:: Records to process

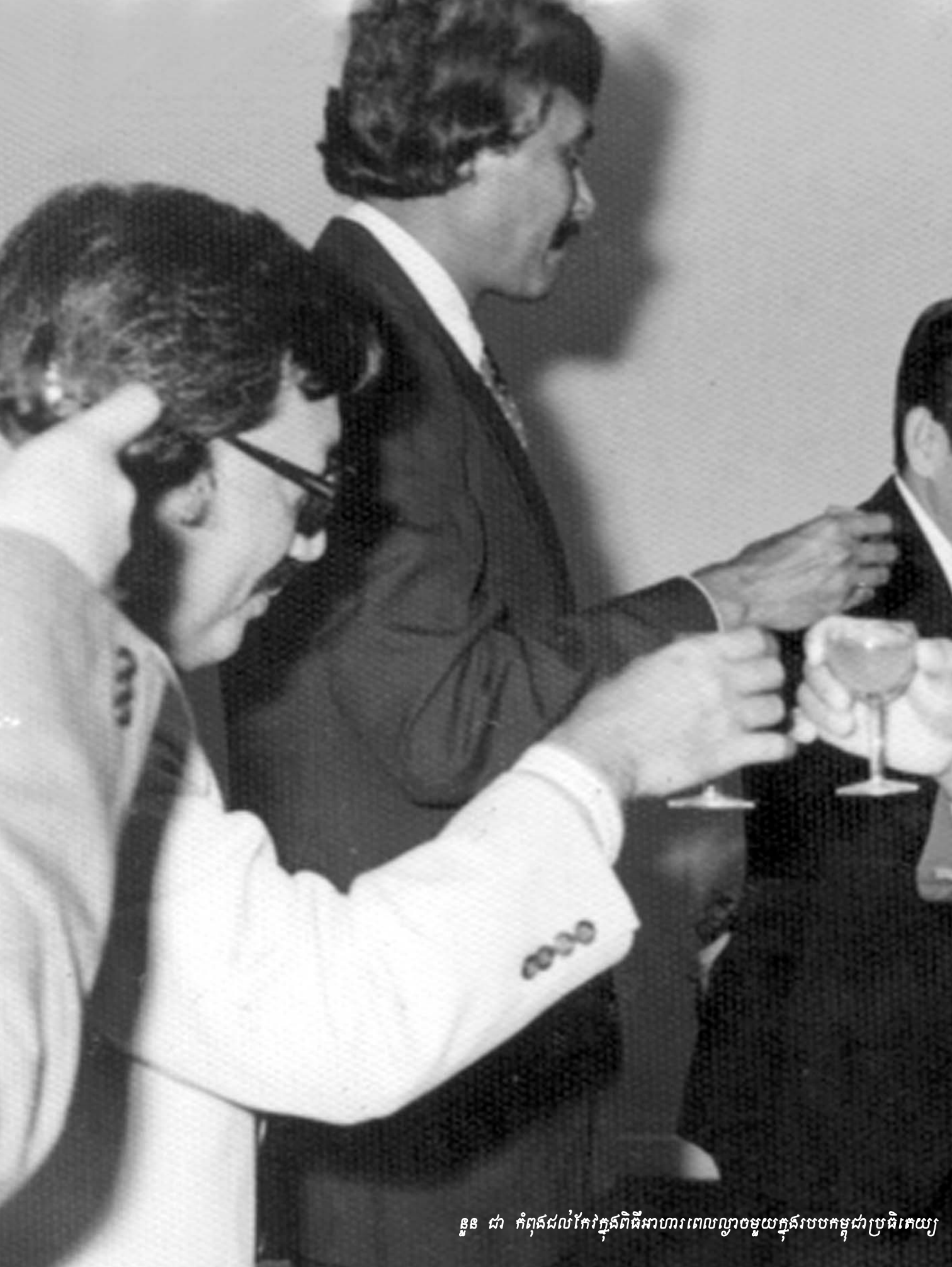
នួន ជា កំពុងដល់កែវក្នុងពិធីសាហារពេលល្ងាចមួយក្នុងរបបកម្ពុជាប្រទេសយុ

::::
:: Records to process

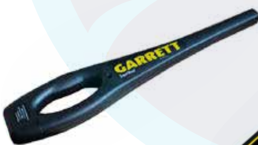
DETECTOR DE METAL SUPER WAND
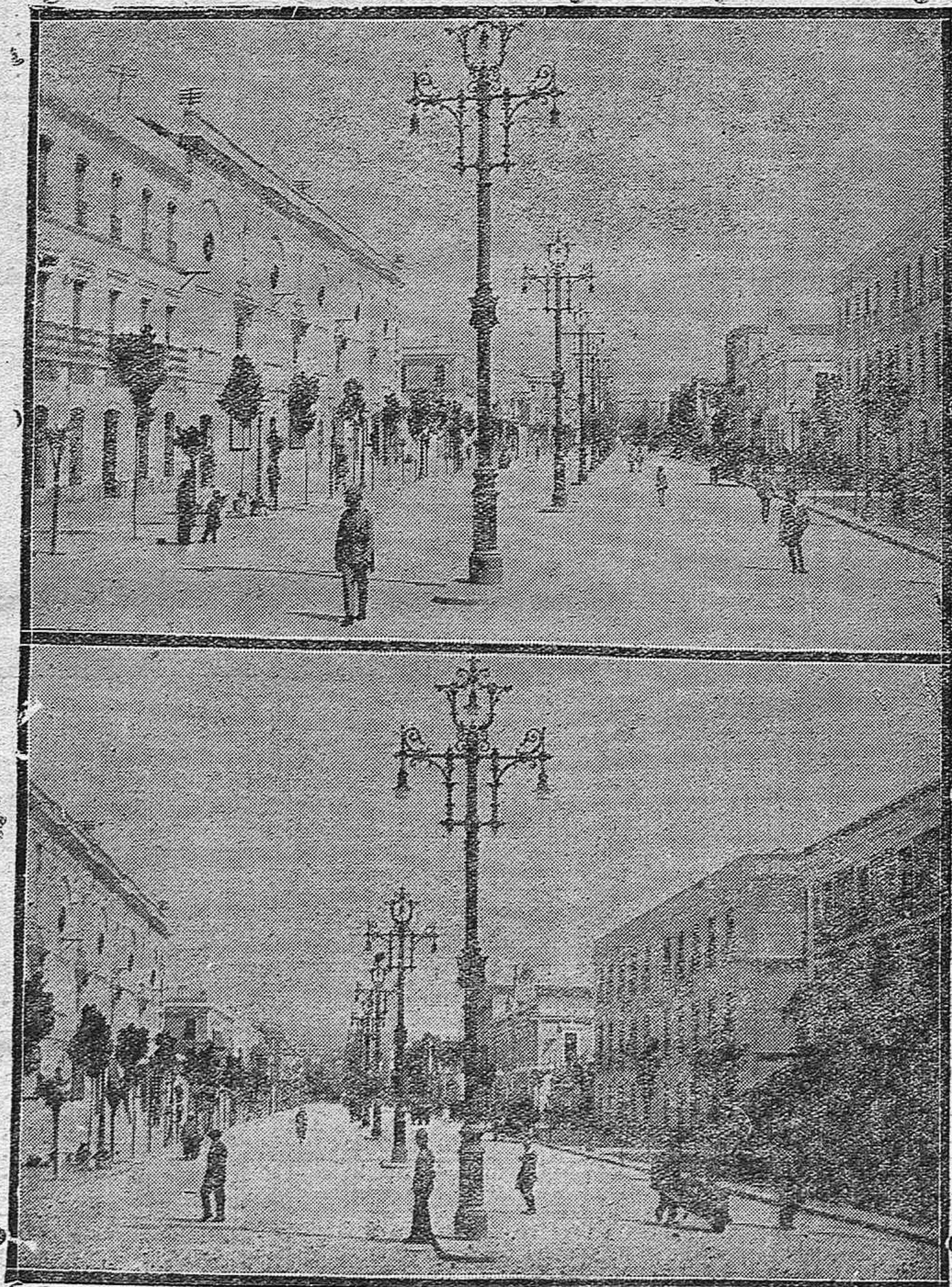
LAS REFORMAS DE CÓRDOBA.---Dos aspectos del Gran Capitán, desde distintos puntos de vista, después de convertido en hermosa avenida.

::::

▸ Task requirements
With the pictures omitted, copy exactly the lines of the listing above starting at the line containing "DETECTOR DE METAL SUPER WAND" and ending at the line containing "LAS REFORMAS DE", both included.

▸ Expected output
DETECTOR DE METAL SUPER WAND
LAS REFORMAS DE CÓRDOBA.---Dos aspectos del Gran Capitán, desde distintos puntos de vista, después de convertido en hermosa avenida.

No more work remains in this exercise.